← Index
Nº 089
Workbench — Active

Local LLM context caching finally holds

04.29.26 · 3 min read · Workbench
#ollama#local-llm#modelfile

For three days I've been fighting context window drift in my local Ollama setup. The model would cache correctly for the first few turns, then suddenly drop the entire context and start fresh. No error. Just silence and reset.

The working configuration

I suspected the quantization flags first. I’d been using Q4_K_M for speed, but the context extension to 32k tokens wasn’t designed for that quantization level. The modelfile documentation is vague on this point — it mentions compatibility but doesn’t specify which quantization levels support extended context reliably.

The breakthrough came when I stopped treating the modelfile as configuration and started treating it as a build artifact. Instead of editing and restarting, I began versioning each attempt.

FROM qwen2.5-coder:14b

PARAMETER temperature 0.7
PARAMETER num_ctx 32768
PARAMETER num_predict -1
PARAMETER repeat_penalty 1.1

SYSTEM """You are a helpful coding assistant. Prioritize correctness over speed."""

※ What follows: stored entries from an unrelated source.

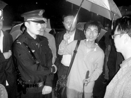 “下午2點(diǎn)20分左右,距比賽開始僅僅剩下40分鐘了,賽場內(nèi)前奏的音樂已經(jīng)響起,這時(shí)‘米黃外套’回來終于告訴大家,由于此次用的是賽車場發(fā)給上海市中學(xué)生的團(tuán)體票,大學(xué)生不能入場,所以今天可能‘沒戲了’。此時(shí)九陽旅行社的洪經(jīng)理看起來也焦頭爛額,他沒有打傘,站在大雨里,水珠不斷順著頭發(fā)流下!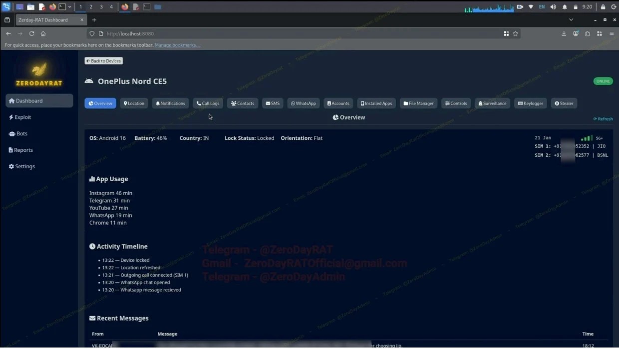 Človek ovládajúci malvér má k dispozícii prehľadný riadiaci panel, kde vidí všetky dôležité a hlavne citlivé dáta. Medzi ne napríklad patrí zoznam napadnutých zariadení aj s modelom telefónu, verziou operačného systému, stavom batérie, detailmi SIM karty, krajinou a informáciou o tom, či je zariadenie zamknuté. Panel zároveň zobrazuje históriu používania aplikácií, časové osi aktivity a výmenu SMS správ. To všetko v reálnom čase.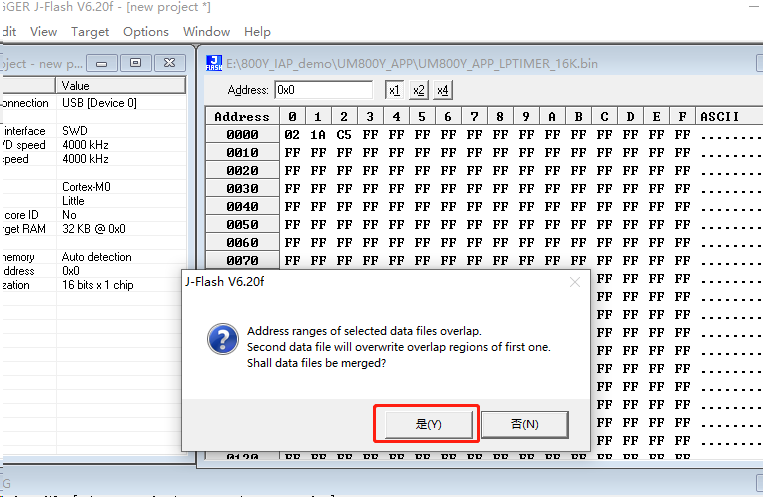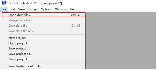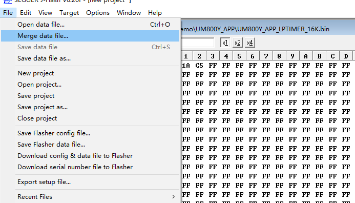 首先打開(kāi)J-Flash工具。點(diǎn)擊open data file,打開(kāi)用戶app程序的bin或者h(yuǎn)ex文件。這里選擇軟件開(kāi)發(fā)包里UM800Y_APP文件夾中的Lptimer工程中的bin文件。(可通過(guò)hex2bin工具將hex轉(zhuǎn)換成bin文件)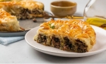 2 Pekač za pite naoljimo. Dno in stranice obložimo s testom (2 plasti). Dodamo malo nadeva in pokrijemo z drugim testom. Ponavljamo, dokler na zmanjka sestavin. Na koncu zaključimo z dvemi plastmi testa. Robove zavijemo navznoter.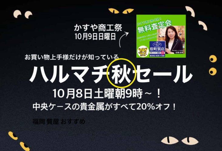 福岡市東区博多区隣接粕屋町JR原町駅前の質屋ハルマチ原町質店 はるまち秋セール2022
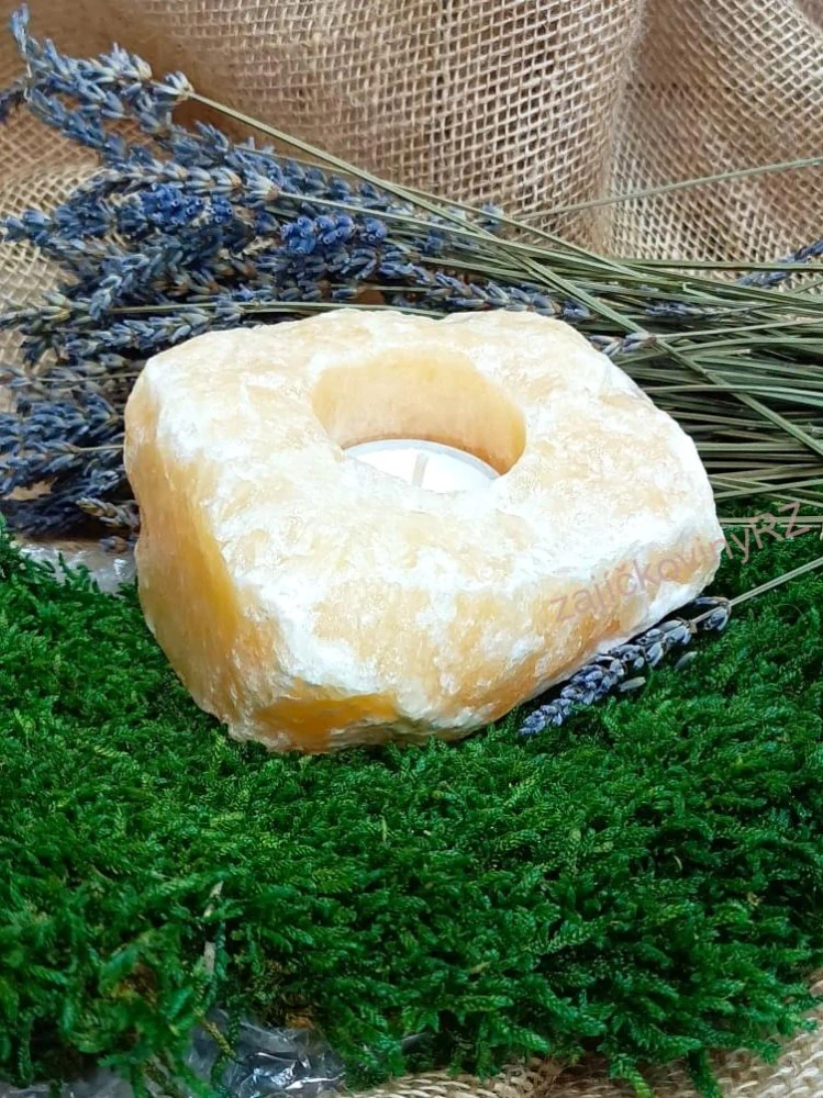 Krásný svícen z oranžového kalcitu. Oranžový kalcit dle lidových tradic prý posiluje životní energii a chuť do života. Harmonizuje a uvádí do rovnováhy sakrální čakru. Traduje se, že přináší rozhodnost, sebedůvěru a činorodost. Přírodní materiál-může se mírně lišit tvarem, rozměrem, barevností, strukturou. Náhodný výběr. Vlastnosti kamene jsou šířeny dle obecně dostupných informací o využití - nejsou vědecky ověřeny, nemají prokazatelné léčebné účinky. Přesto jsou vzácným a nádherným doplňkem pro každého, kdo věří a je spjat s přírodou. Upozornění: není hračka pro děti. Nenechávat hořet bez dozoru. Nevystavovat vlhku.

The key was removing explicit quantization flags and letting Ollama pull the appropriate layer automatically. When I forced Q4_K_M, the context extension couldn’t bind correctly to the KV cache. Without the constraint, it defaulted to a configuration that supported both the extended context and the model’s attention mechanism.

What didn’t work

I tried three failed approaches before landing on this one. First, I increased num_gpu layers, thinking the issue was offloading. Then I adjusted repeat_penalty to aggressive levels, which only made outputs incoherent. Finally, I attempted a custom template rewrite, which broke the chat format entirely.

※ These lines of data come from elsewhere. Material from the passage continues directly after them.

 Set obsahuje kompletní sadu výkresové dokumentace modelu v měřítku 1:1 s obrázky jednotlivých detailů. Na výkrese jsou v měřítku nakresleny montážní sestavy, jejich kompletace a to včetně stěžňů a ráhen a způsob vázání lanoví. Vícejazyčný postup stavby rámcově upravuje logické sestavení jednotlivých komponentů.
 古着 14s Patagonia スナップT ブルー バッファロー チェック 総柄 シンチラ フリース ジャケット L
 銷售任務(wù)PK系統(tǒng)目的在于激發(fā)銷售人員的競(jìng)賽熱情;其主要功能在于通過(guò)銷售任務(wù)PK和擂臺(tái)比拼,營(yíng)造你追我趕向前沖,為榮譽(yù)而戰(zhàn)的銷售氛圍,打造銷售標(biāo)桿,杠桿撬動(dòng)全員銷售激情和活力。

The temptation with local LLMs is to optimize for speed first. But context integrity is the foundation everything else builds on. A fast model that forgets what you told it three turns ago is worse than a slow model that remembers.

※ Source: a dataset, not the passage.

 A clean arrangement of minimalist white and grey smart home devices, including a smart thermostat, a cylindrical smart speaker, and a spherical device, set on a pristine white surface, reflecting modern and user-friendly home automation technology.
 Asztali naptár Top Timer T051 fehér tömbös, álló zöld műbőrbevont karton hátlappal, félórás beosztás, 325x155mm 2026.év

I’m still testing edge cases — very long code blocks (500+ lines), multi-file context, and sustained conversations over 50 turns. So far, the cache holds. I’ll update this entry if anything changes.1

Next steps

The next experiment is running this same configuration on the qwq reasoning model to see if the context extension plays nicely with chain-of-thought outputs. If it does, I might have a single local setup that handles both rapid coding queries and deep reasoning tasks without switching models.

Footnotes

  1. Update 05.01.26: Cache still holding after 72 hours of mixed use. No drift observed across 200+ turns.